Ann Rheum Dis 2002;61(Suppl II):ii84–ii86
Rheumatoid arthritis (RA) is characterised by the presence of
an inflammatory synovitis accompanied by destruction of
joint cartilage and bone. Destruction of cartilage matrix
results predominantly from the action of connective tissue
proteinases released by RA synovial tissues, chondrocytes,
and pannus tissue. Several lines of evidence in RA and in
animal models of arthritis support a role for osteoclasts in the
pathogenesis of bone erosions. RA synovial tissues produce
a variety of cytokines and growth factors that may increase
osteoclast formation, activity, and/or survival. These include
interleukin 1α (IL1α) and β, tumour necrosis factor α (TNFα),
IL11, IL17, and macrophage colony stimulating factor
(M-CSF). Receptor activator of NFκB ligand (RANKL) is an
essential factor for osteoclast differentiation and also
functions to augment T cell-dendritic cell cooperative interactions. CD4+ T cells and synovial fibroblasts derived from RA
synovium are sources of RANKL. Furthermore, in collagen
induced arthritis (CIA), blockade with osteoprotegerin
(OPG), a decoy receptor for RANKL, results in protection
from bone destruction.

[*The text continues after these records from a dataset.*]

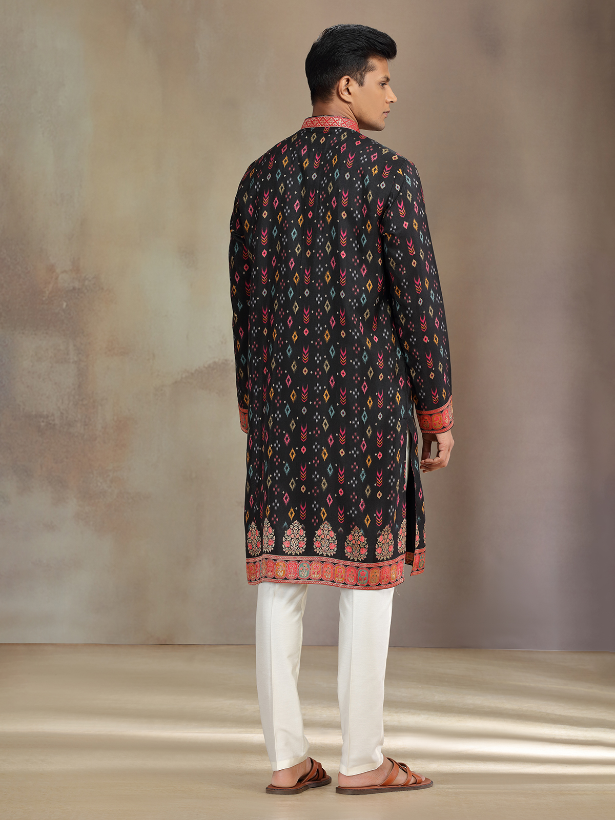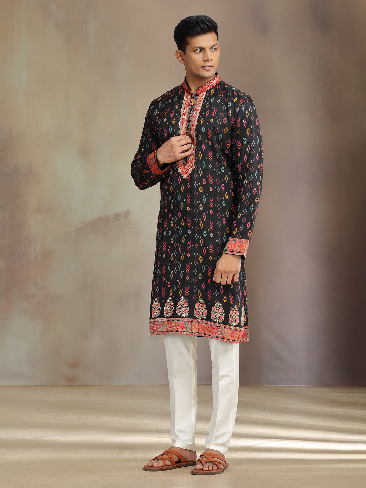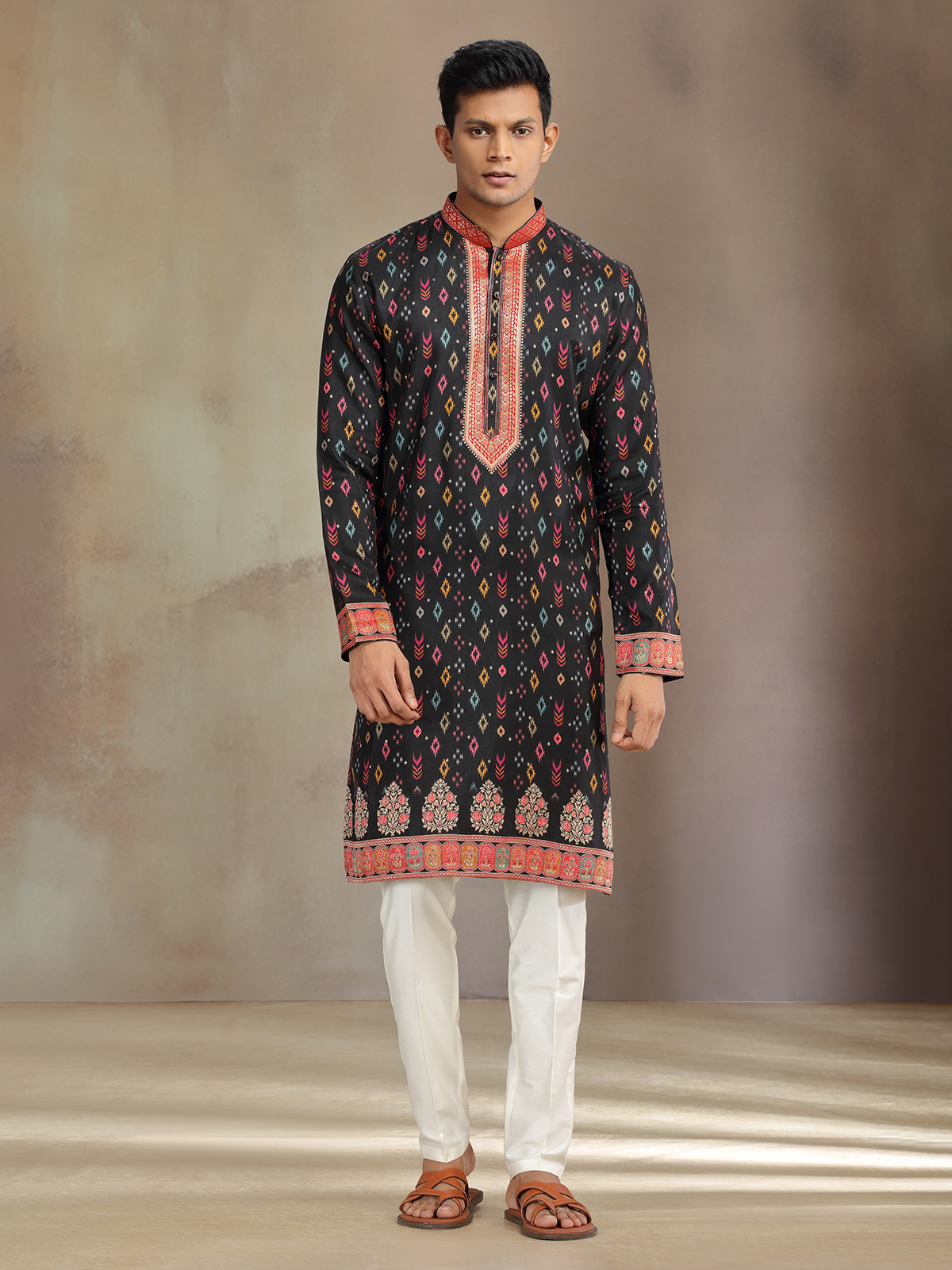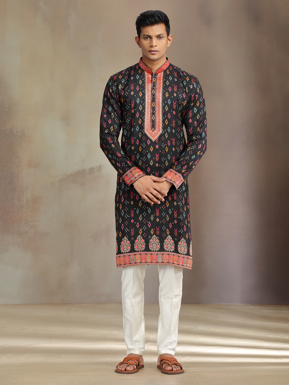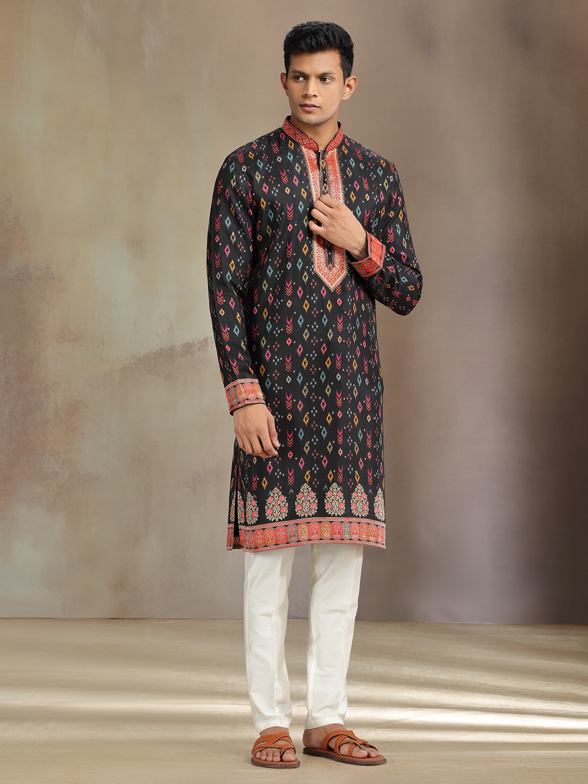 Black Printed Festive Wear Silk Kurta Suit For Men
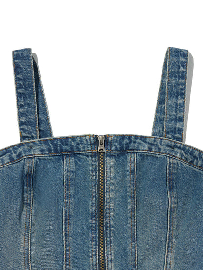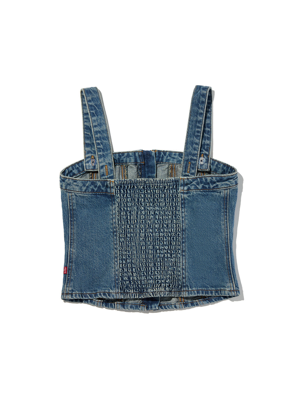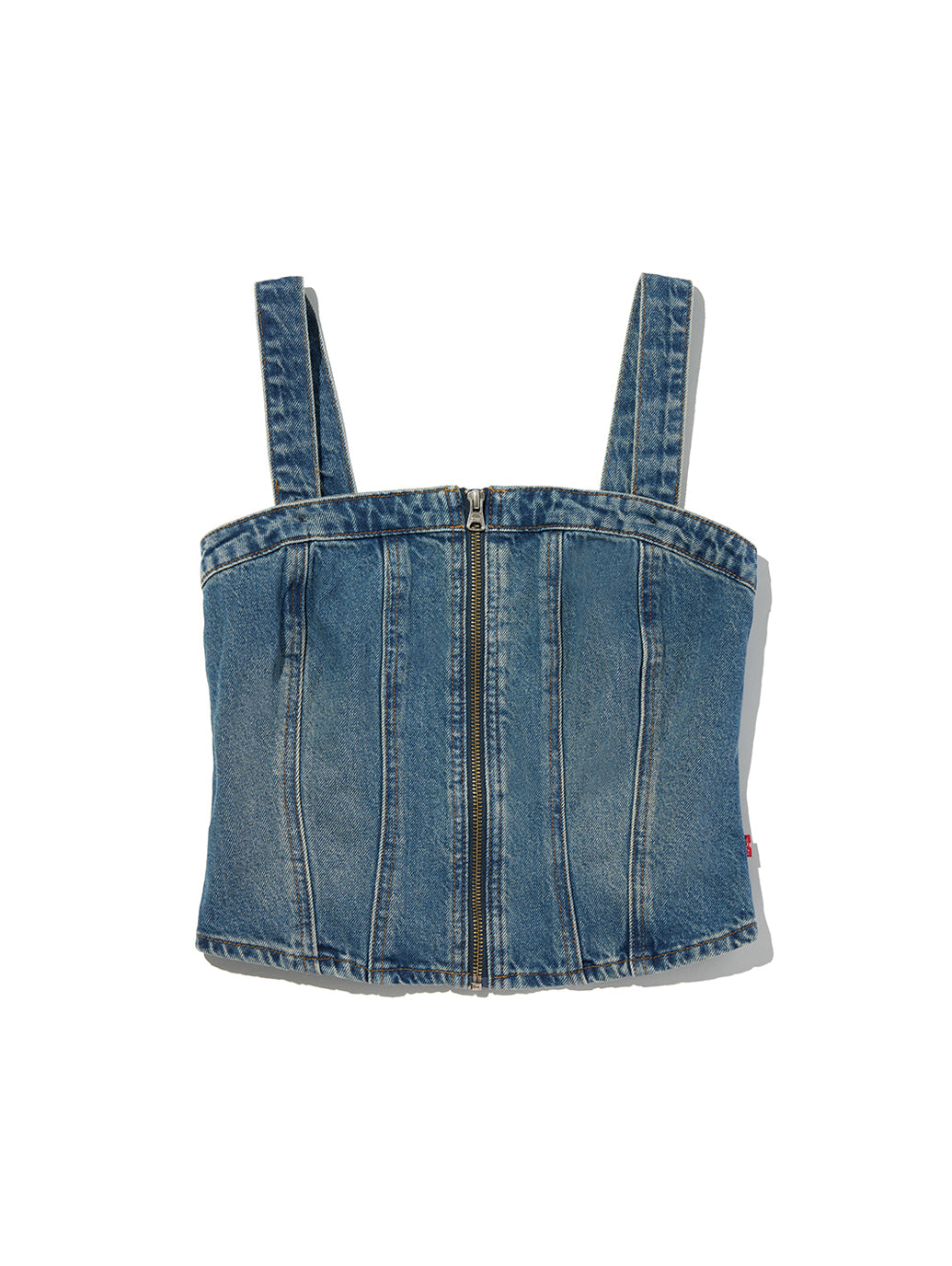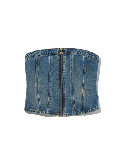 Levi'sらしくデニム生地を使用したスカルプドビスチェ。コルセット風のデザイン、フロントジップアップのスリムフィットが特徴で、春先にはシャツの上に合わせる着こなしもお勧めです。ストラップは取り外し可能でオールシーズン活躍するアイテムです。
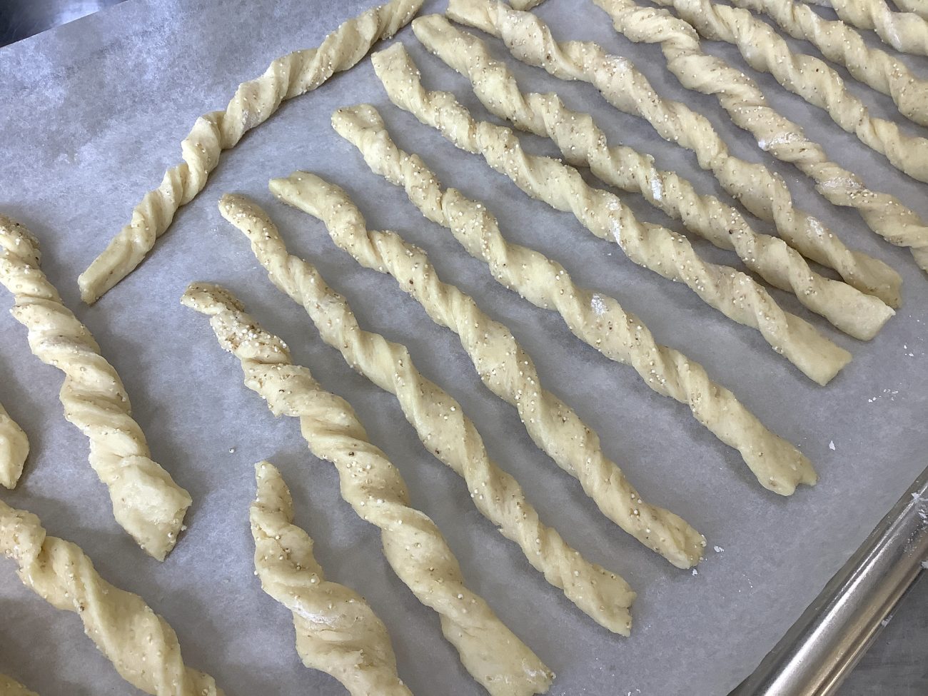 生地も小麦粉やドライイースト、豆乳、バター、粉チーズ、きび糖、塩を使い、いちから作りました。五分づき米にも入っているもちあわを入ることで、食べたときにパチパチといいアクセントになります。生地を伸ばし、切った後、クルクルと丸めしっかりと焼きました。少し冷めると、生地が固くなり、食感を楽しむことができます。
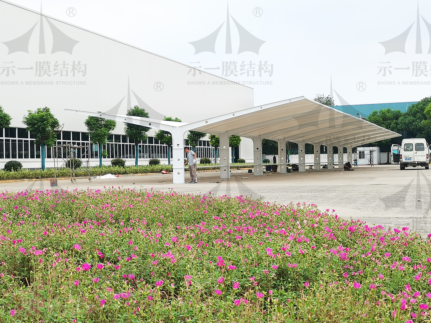 3、膜結構車棚的膜材加工問題,膜材加工也有會裁剪圖,工人根據裁剪圖進行裁剪拼接,這也是非常重要的部分,如果不合適,就會出現膜布小了安裝不上,或者太大了拉不緊等問題。
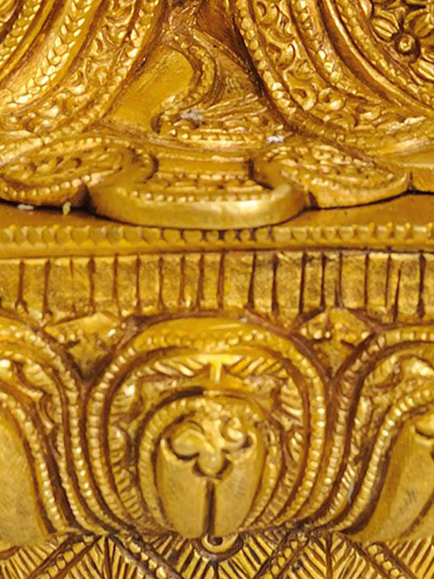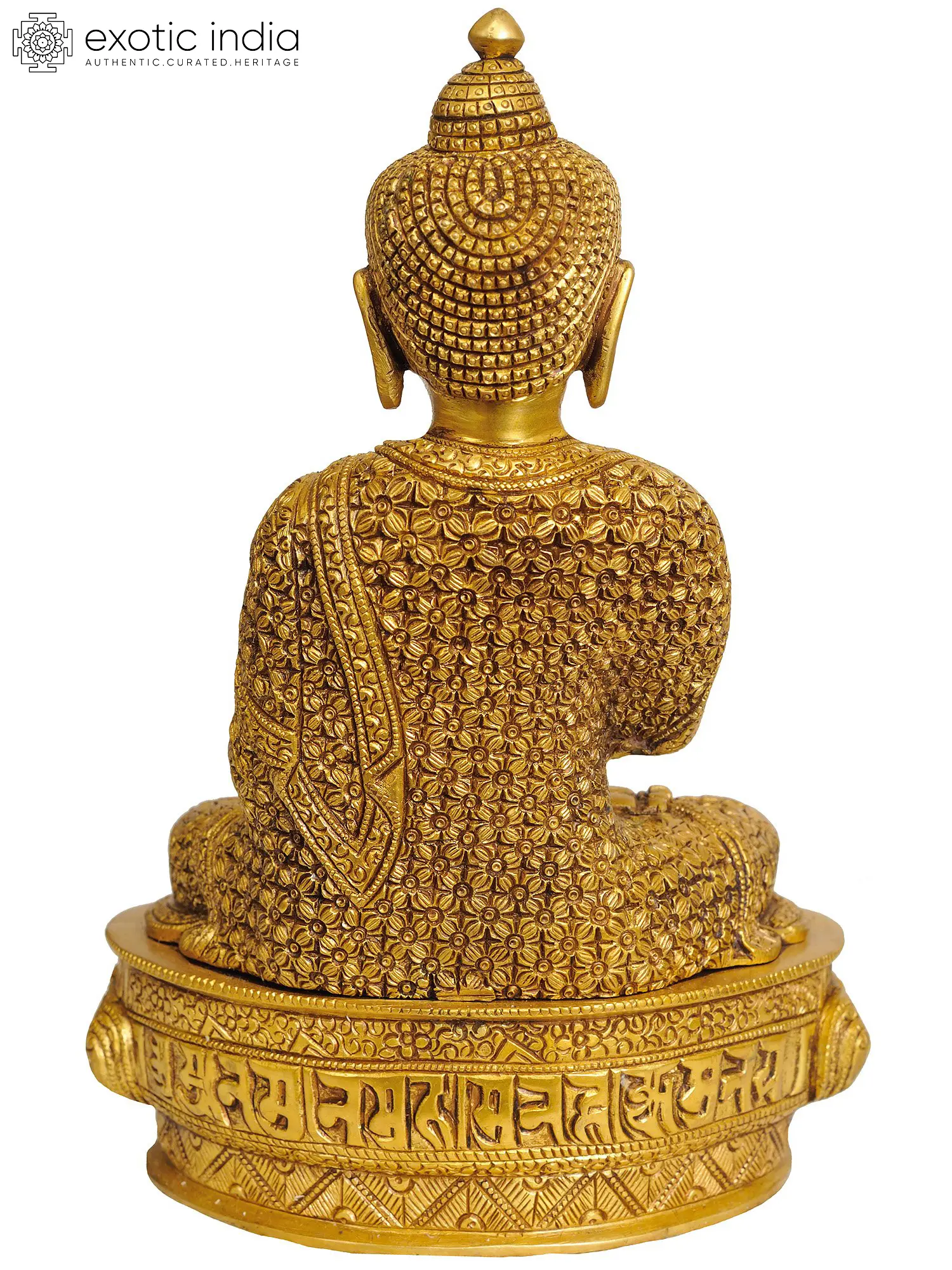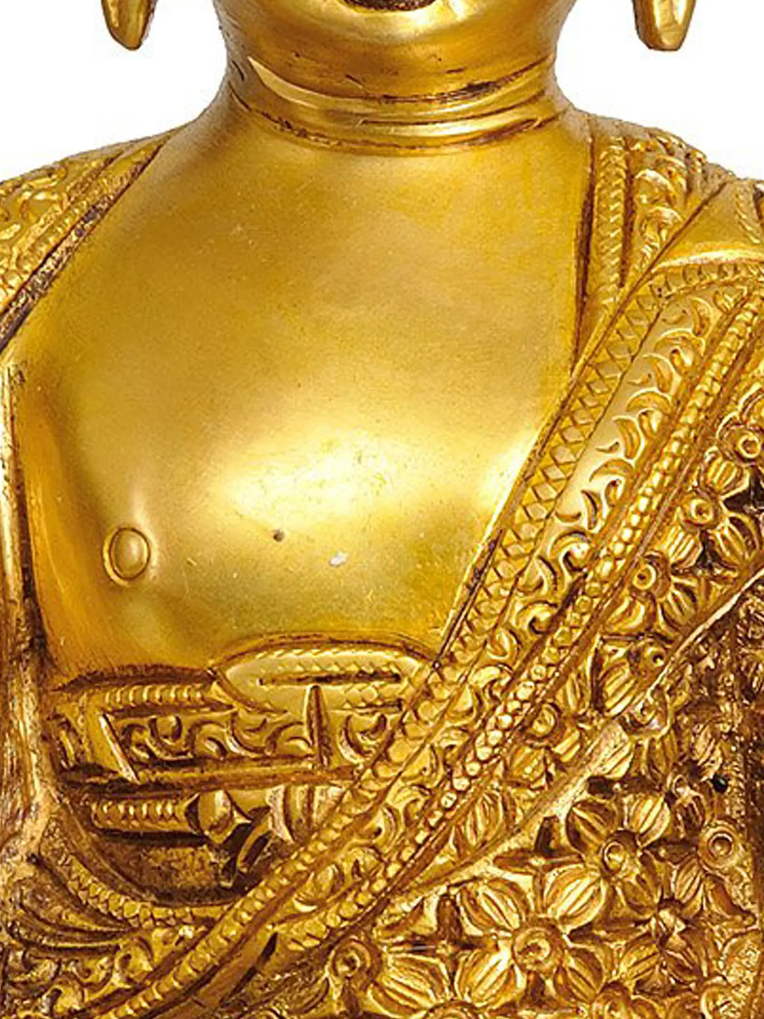 10" Shakyamuni Buddha Preaching His Dharma (with Decorated Robe and Auspicious Symbols on Reverse) In Brass | Handmade | Made In India

To further evaluate the role of
osteoclasts in focal bone erosion in arthritis, arthritis was
generated in the RANKL knockout mouse using a serum
transfer model. Despite ongoing inflammation, the degree of
bone erosion in arthritic RANKL knockout mice, as assessed
by microcomputed tomography and correlated histopathological analysis, was dramatically reduced compared with
that seen in arthritic control mice. Cartilage damage was
present in both the arthritic RANKL knockout mice and in
arthritic control littermates, with a trend toward milder cartilage damage in the RANKL knockout mice. This study
supports the hypothesis that osteoclasts play an important
part in the pathogenesis of focal bone erosion in arthritis,
and reveals distinct mechanisms of cartilage destruction and
bone erosion in this animal model of arthritis. Future
directions for research in this area include the further investigation of a possible direct role for the RANKL/RANK/OPG
system in cartilage metabolism, and the possible role of other
cell types and cytokines in bone erosion in arthritis.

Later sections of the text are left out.